At the opening, the associate judge of the Presidency of the TJTO, Ariostenis Guimarães Vieira, contextualized the dimension of the problem by recalling recent episodes and emphasized the importance of the initiative.
"The preparation of the socio-environmental contingency plan is a duty imposed on courts by the Resolution 646 of the CNJ as a public management instrument of great relevance in times of climate crises, increasingly present in the daily life of societies and institutions around the world", he said.
Course
The first day of the course brought a broad approach to the climate phenomenon and its impacts. The Doctor Professor Lucas Barbosa e Souza presented a panorama that goes from basic concepts to more complex transformations of climate, highlighting both natural factors and the intensification caused by human action. "We need to be prepared for what lies ahead. There are threats, and the contingency plan will help us to better deal with these situations, bringing organization, clarity and avoiding chaotic decisions at the time of the disaster", said the professor.
Following, instructor Wherbert da Silva Araújo broadened the discussion by connecting environmental disasters to how they are narrated throughout history. In a timeline spanning decades, he presented emblematic cases such as the Dust Bowl, the Bhopal disaster, Chernobyl, the Exxon Valdez spill, Katrina Hurricane and, in Brazil, Mariana and Brumadinho, among others. More than reminding tragedies, the proposal was to provoke reflection: what was shown, what remained invisible and who, in fact, suffered the greatest impacts.
"Understanding environmental disasters necessarily means also understanding the inequalities they reveal and the role of the institutions, even the Judiciary, in this scenario," emphasized the instructor.
Module II
If the first moment was one of understanding, the second brought a call to action. In Module II, led by instructor Cléber José Borges Sobrinho, the debate advanced to the constitutional and normative foundations that support institutional action in disaster situations.
When dealing with contingency plans, the instructor was emphatic in emphasizing that they need to leave the theoretical field, that is, they must go through all the steps, from definition and analysis to application and review for improvement.
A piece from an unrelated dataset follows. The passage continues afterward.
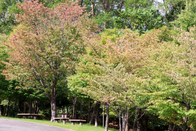 秋風の旭山記念公園で雨上がりに木の上を元気よく貼り李回るゴジュウカラ!

"Contingency plan needs to be known, trained and tested. Because, at the moment of panic, people forget what is written and act on instinct - and that’s where everything can go wrong. So it’s not just about planning: you need to prepare people, integrate teams and constantly review. No plan is perfect; it only improves when it is put into practice and corrected", he said.
Partners
To broaden the scope and effectiveness of the proposal, the State Prosecution, the Public Defender’s Office, the Regional Electoral Court (TRE), the Court of Auditors of the State (TCE), the Federal University of the state of Tocantins (UFT) were invited as partners and the Civil Defense, strategic institutions for the construction of integrated flows of prevention, response and care to the population. The participation of these bodies reinforces the inter-institutional character of the initiative and dialogues with the Resolution no. 646, of 2025, which provides for coordination with the Public Defender’s Offices, State Prosecutions, Civil Defense and other actors to ensure protection of rights, accessible information, decentralized care and coordinated response in socio-environmental crisis situations.